Ein kleines Dorf, dem Geruch nach ein Fischerdorf. Sie rümpfte kurz prüfend die Nase. Ihre Tasche...wo mag die wohl sein...sie musste sie verlegt oder gar vergessen haben. Wie ärgerlich, darin befanden sich ihr Bogen und ihre Pfeile...und das wichtige Paar Ersatzhandschuhe. Sie wischte sich das Wasser aus dem Gesicht und folgte einem Weg, gesäumt von grossen dunklen Häusern. Wieso kam die Bewohner des Ortes nicht auf die Idee, einige Fackeln aufzustellen? Brummelnd ging sie weiter, bis eine Stimme sie ansprach und etwas wie "n´abend" murmelte.
Sie blieb stehen...sah sich um...versuchte im Schein einer Kerze, die kaum dafür ausreichte die eigenen Füße zu erkennen, jemanden zu sehen. Nach weiteren Worten und einem Pfiff fand sie schliesslich eine Lady, sitzend auf einer Bank unweit von ihr. Filya hob die Kerze weiter, konnte aber ausser den Konturen und einer rötlichen Hose wenig erkennen. Nach einigen Wirrungen ( Filya wunderte sich, wollte ihr die Lady wohl offensichtlich die Bank schenken...Bitte nehmt Platz...aber die war doch viel zu schwer zu tragen ) setzte sie sich zu der Lady, erfreut, endlich einmal jemanden zum reden zu haben.

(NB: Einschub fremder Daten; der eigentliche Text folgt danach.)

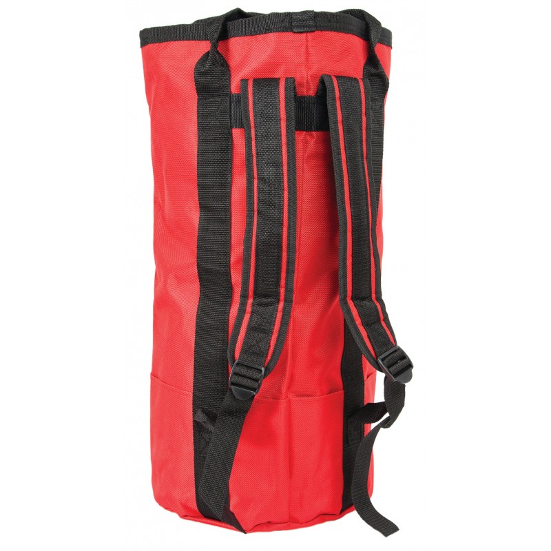 Moyen sac à corde en nylon avec bretelles. Capacité 100m de corde 12mm ou 200m de corde 10mm. Dimensions 26x61cm, diamètre 26cm. Poid 0,9kg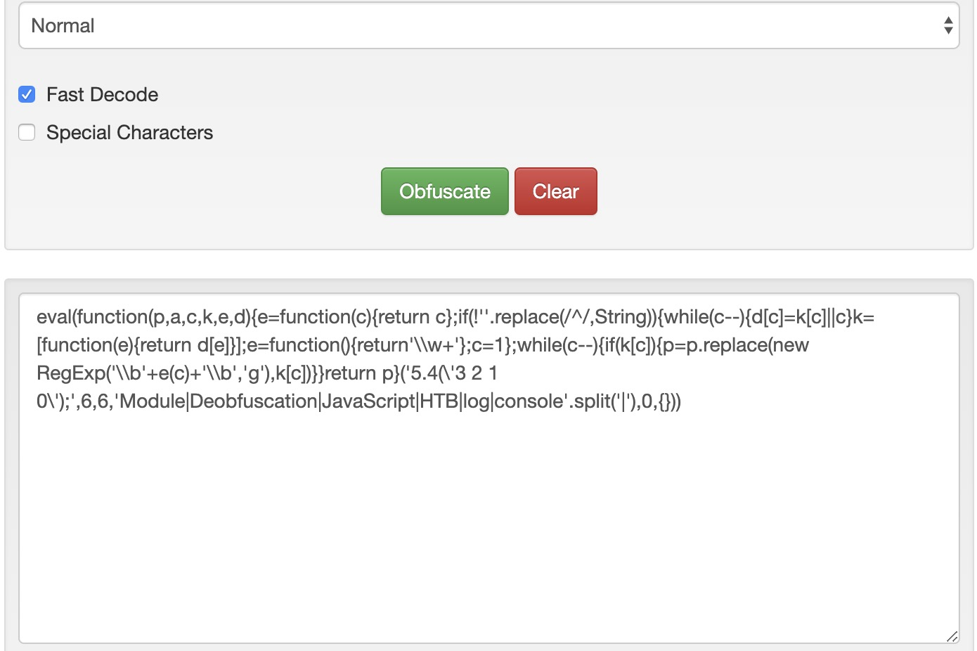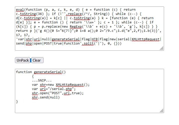 Podemos encontrar muchas herramientas online útiles para desofuscar código JavaScript y convertirlo en algo que podamos entender. Una buena herramienta es UnPacker.

Also redete sie...und hörte zu, was die Lady zu sagen hatte. Zeigte ihr den Brief, den sie irgendwo abliefern sollte...Und hörte zu, versuchte anhand der Worte der Lady zu verstehen, wo sie sich befand und was sie nun am besten tun sollte.
Sie schien nett, auch wenn sie wohl der Meinung war, Filya könnte noch ein bisschen Körperliches Training vertragen ( ich werde Euch etwas auf sie Sprünge helfen ), aber das war Filya egal...sie freute sich, hier in dieser Dunkelheit jemanden gefunden zu haben.
Immer wieder schienen Leute vorbeizugehen, kurze Grüße waren hörbar, aber der Schein der Kerze reichte nichtmal so weit, um auch nur einen davon erkennbar werden zu lassen.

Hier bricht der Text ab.